▶ _Your instructions_
Reproduce exactly the entries from the "Я думаю, что" line to the end. Skip all pictures.

• • • •

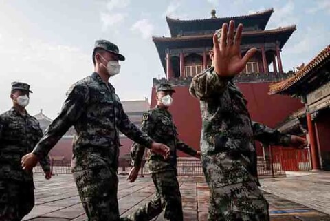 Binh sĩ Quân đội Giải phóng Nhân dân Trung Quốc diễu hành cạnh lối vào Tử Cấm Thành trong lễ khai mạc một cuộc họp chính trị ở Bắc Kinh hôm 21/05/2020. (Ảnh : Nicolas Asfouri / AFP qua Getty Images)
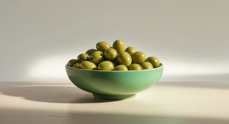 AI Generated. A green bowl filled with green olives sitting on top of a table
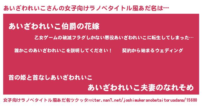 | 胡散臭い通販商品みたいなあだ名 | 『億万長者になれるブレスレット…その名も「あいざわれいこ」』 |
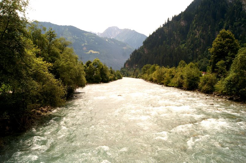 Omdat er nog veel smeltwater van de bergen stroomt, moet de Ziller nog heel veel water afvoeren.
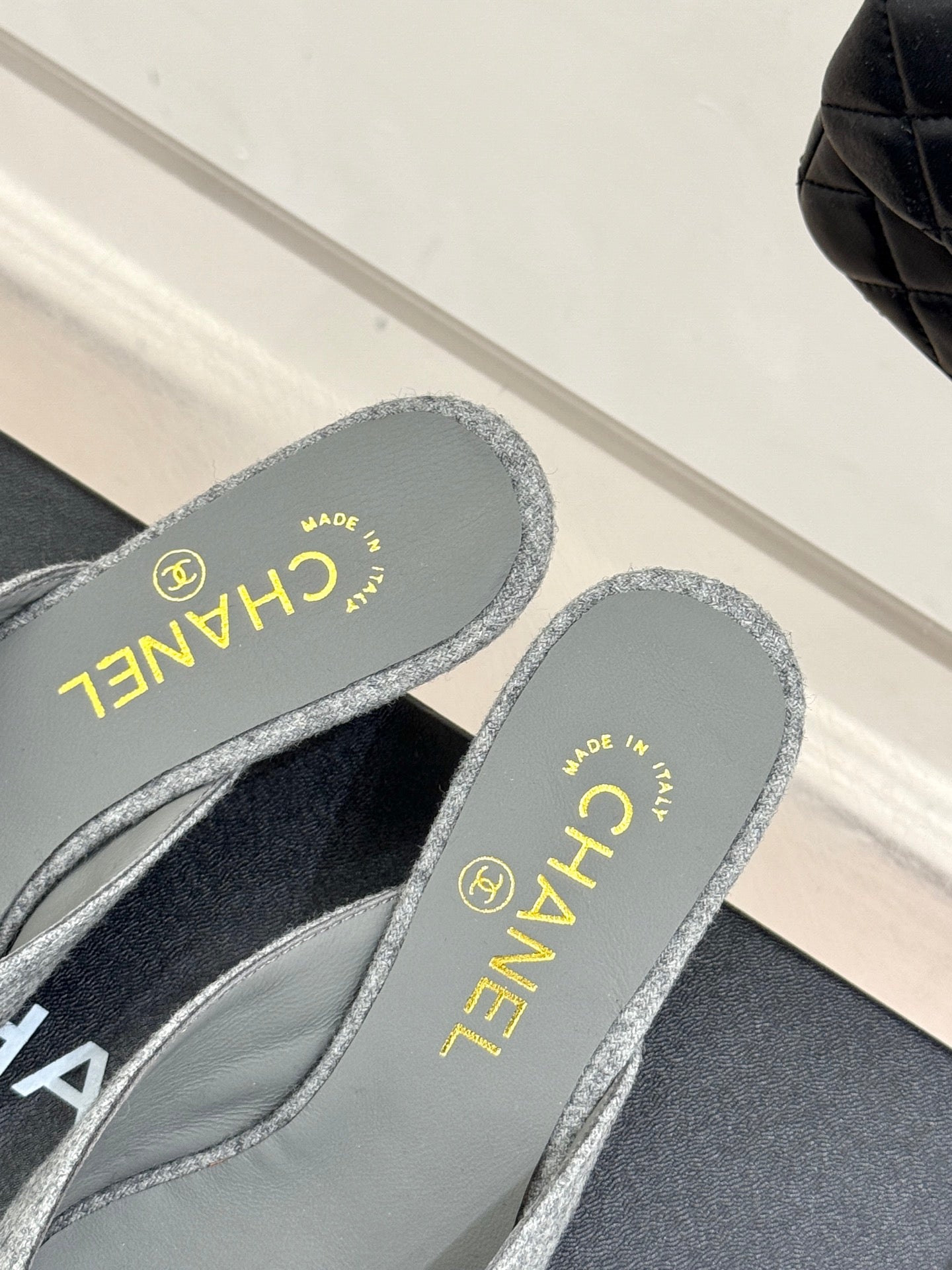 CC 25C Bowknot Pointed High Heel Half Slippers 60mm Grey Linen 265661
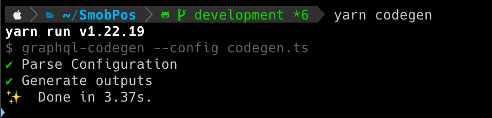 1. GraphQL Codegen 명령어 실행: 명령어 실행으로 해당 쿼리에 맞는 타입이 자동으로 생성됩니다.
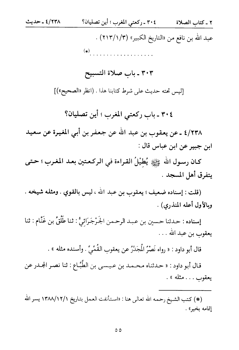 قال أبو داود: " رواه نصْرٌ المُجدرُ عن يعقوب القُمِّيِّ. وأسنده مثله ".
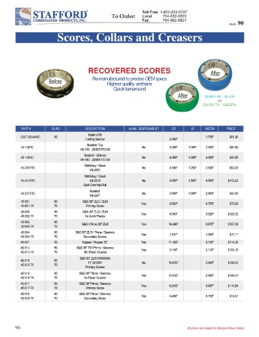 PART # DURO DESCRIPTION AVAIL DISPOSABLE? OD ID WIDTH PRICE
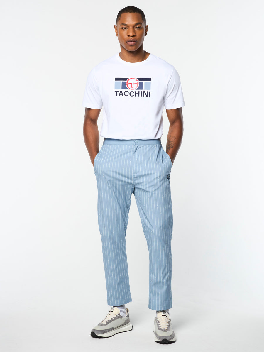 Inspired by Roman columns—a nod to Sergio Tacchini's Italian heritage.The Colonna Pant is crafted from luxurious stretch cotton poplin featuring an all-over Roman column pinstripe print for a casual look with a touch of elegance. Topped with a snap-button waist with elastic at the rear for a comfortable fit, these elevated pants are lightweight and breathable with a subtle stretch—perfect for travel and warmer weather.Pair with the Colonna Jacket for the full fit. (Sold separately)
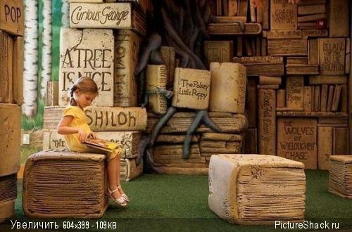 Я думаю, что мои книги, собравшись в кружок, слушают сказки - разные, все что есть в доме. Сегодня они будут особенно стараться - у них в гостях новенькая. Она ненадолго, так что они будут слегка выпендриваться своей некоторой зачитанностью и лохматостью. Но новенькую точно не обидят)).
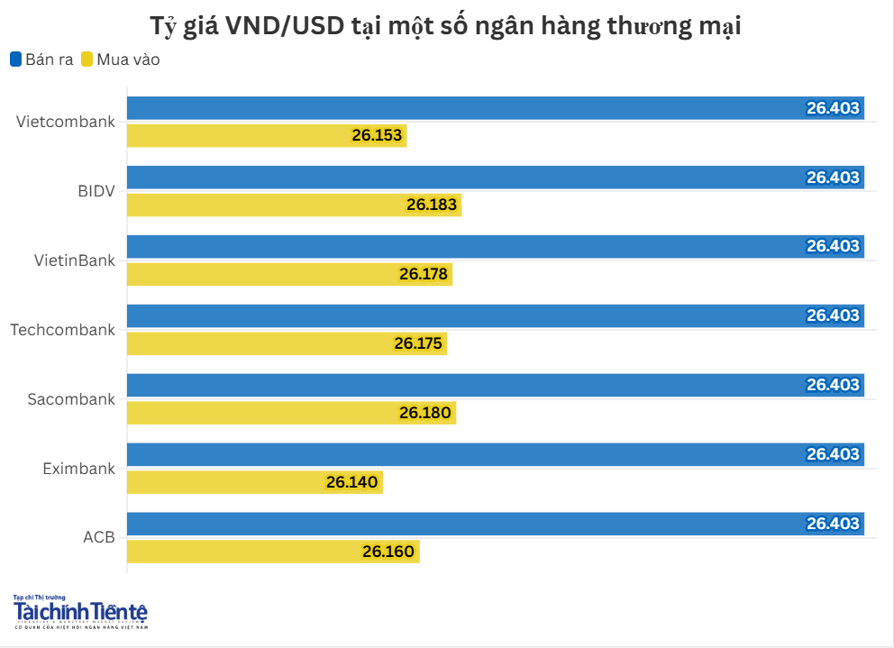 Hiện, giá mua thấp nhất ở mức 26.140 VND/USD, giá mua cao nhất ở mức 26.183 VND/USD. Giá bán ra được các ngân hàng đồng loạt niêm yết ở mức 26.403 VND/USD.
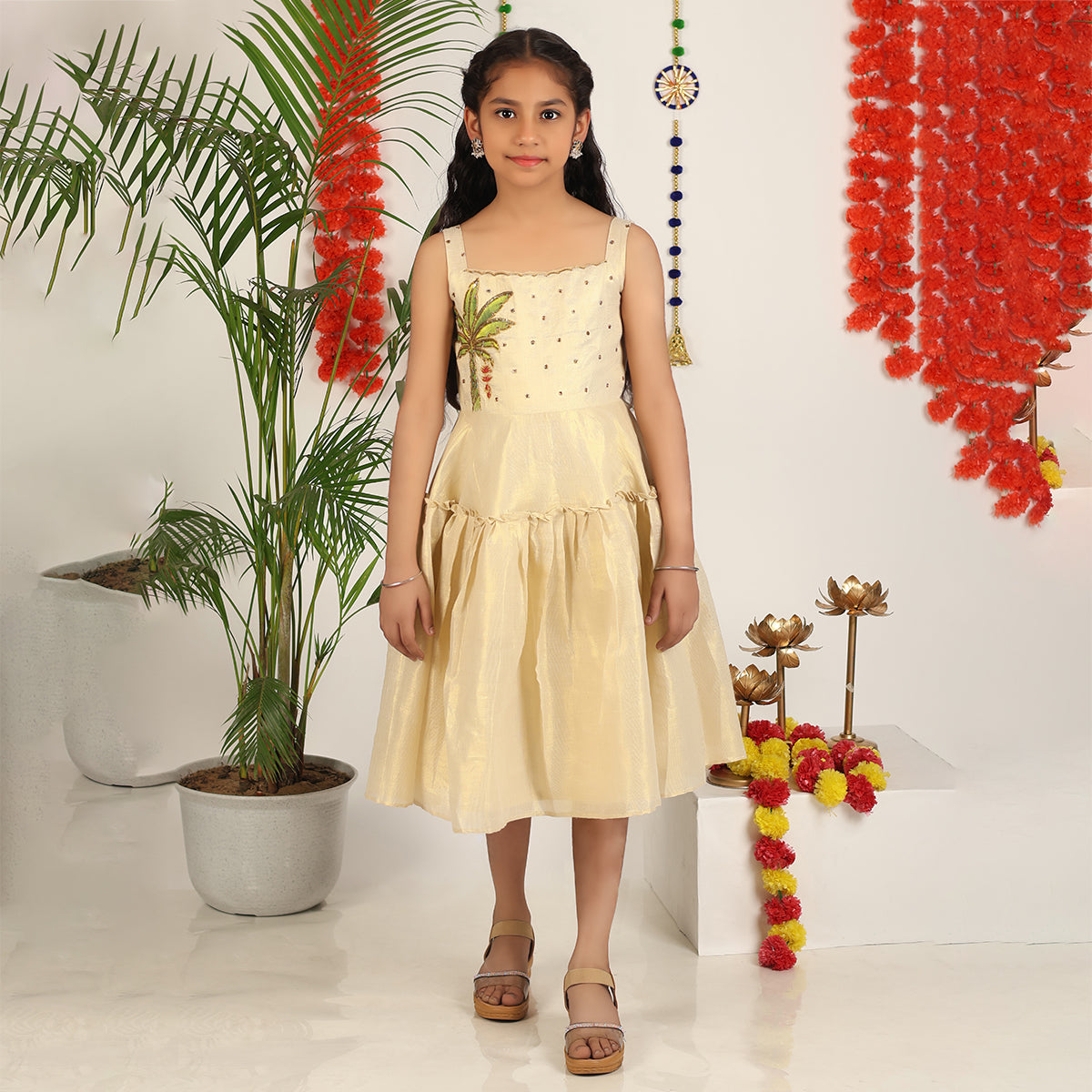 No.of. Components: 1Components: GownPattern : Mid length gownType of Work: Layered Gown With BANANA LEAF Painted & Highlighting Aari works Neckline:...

• • • •

▶ _Response below_
 Я думаю, что мои книги, собравшись в кружок, слушают сказки - разные, все что есть в доме. Сегодня они будут особенно стараться - у них в гостях новенькая. Она ненадолго, так что они будут слегка выпендриваться своей некоторой зачитанностью и лохматостью. Но новенькую точно не обидят)).
 Hiện, giá mua thấp nhất ở mức 26.140 VND/USD, giá mua cao nhất ở mức 26.183 VND/USD. Giá bán ra được các ngân hàng đồng loạt niêm yết ở mức 26.403 VND/USD.
 No.of. Components: 1Components: GownPattern : Mid length gownType of Work: Layered Gown With BANANA LEAF Painted & Highlighting Aari works Neckline:...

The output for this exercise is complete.